Buitenland

Column: Hokjes over religieus en niet-religieus werken niet in Tel Aviv

Religie is in Tel Aviv geen modewoord. In Jeruzalem gaat men op sabbat massaal naar de synagoge. Maar hier is het aan het eind van de ochtend eenrichtingsverkeer naar het strand.

Eddy Aangeenbrug
11 October 2016 08:50Gewijzigd op 16 November 2020 07:23
In Jeruzalem gaat men op sabbat massaal naar de synagoge. Maar hier in Tel Aviv is het aan het eind van de ochtend eenrichtingsverkeer naar het strand. beeld EPA
In Jeruzalem gaat men op sabbat massaal naar de synagoge. Maar hier in Tel Aviv is het aan het eind van de ochtend eenrichtingsverkeer naar het strand. beeld EPA

Godsdienst is in Israël lastig meetbaar. De verdeling religieus versus seculier, zoals we die in Nederland kennen, gaat hier algauw mank. Het Jodendom kent vele schakeringen. Ik heb vrienden die ”religie” een vies woord vinden, maar die toch als ”godsdienstig” in de officiële boeken staan. Ze bidden op sabbat met de familie de gebeden, ze vieren de Joodse feesten, ze vasten op Jom Kipoer.

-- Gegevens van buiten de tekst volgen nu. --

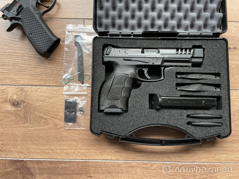 Opis: Pistolet kupiony 18.11.2021,stan -5 lekkie wytarcie dzwigni zrzutu zamka,wystrzelone Ok 800sztuk Bellotki,bardzo zadbany prawie jak nowy.Spust wymieniony orginalne z HK Parts,dorzucam orginalne płytkę pod kolimator Vortex.
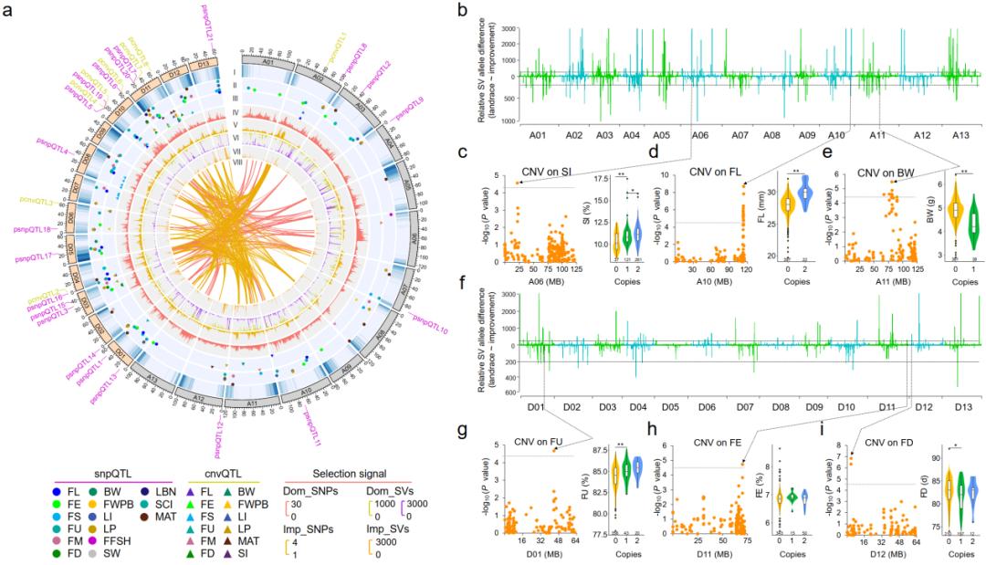 最后,研究人员利用泛基因组数据分析了多个与纤维品质等性状相关基因在驯化和改良中的频率变化。

Religie en traditie maken namelijk onlosmakelijk deel uit van de Joodse identiteit. Voor buitenstaanders is dat soms verwarrend. We zijn het in Nederland gewend om godsdienstigheid op te hangen aan ankers als kerkelijke betrokkenheid.

„Dus je bent religieus”, vraag ik een vriend die net terug is van de synagoge. Hij heeft er gebeden, nadat hij een week ervoor betrokken was geraakt bij een heftig auto-ongeluk. Wonderlijk genoeg heeft hij het er zonder verwondingen van afgebracht.

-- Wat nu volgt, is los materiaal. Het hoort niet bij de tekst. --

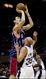 NBA全明星赛的投票自去年11月14日开始,到今年1月12日结束,并且给球迷提供了多种投票形式进行投票。在总共的450多万张选票中,姚明的得票为1286324张,列全联盟第四,超过了前NBA第一中锋、湖人队的“大鲨鱼”奥尼尔,他也因此成为继1995年的希尔之后首位入选全明星首发阵容的新人、自1998年邓肯之后首次入选全明星赛的新人、NBA历史上的第五位全明星新人中锋。

„Natuurlijk niet”, reageert hij stellig. Hij houdt zijn keppeltje nog in zijn hand. Al luisterend begrijp ik dat hij alleen de harediem, de ultraorthodoxe Joden, religieus noemt.

Westerse sociologische modellen kunnen in Israël niet een-op-een worden toegepast. Een seculiere Jood met allergie voor het woord religie draagt op zijn eigen manier toch de Joodse traditie met zich mee.

Vaak komt die weerzin tegen religie voort uit de invloed van Joodse wetgeving op het sociale leven. Trouwen bijvoorbeeld blijft uitsluitend een religieuze aangelegenheid, en kan alleen als de orthodoxe rabbijn akkoord gaat. Bussen rijden niet op sabbat – ook niet in Tel Aviv. De macht van het opperrabbinaat is seculiere Joden een doorn in het oog – en maakt dat ze religie negatief waarderen.

Soms steekt het echter dieper. Wanneer ik hoor dat de Holocaust een streep heeft gezet door het geloof in God. Het zijn de momenten waarop ik stilval, omdat ik een pijn proef waar ik geen antwoord op kan geven.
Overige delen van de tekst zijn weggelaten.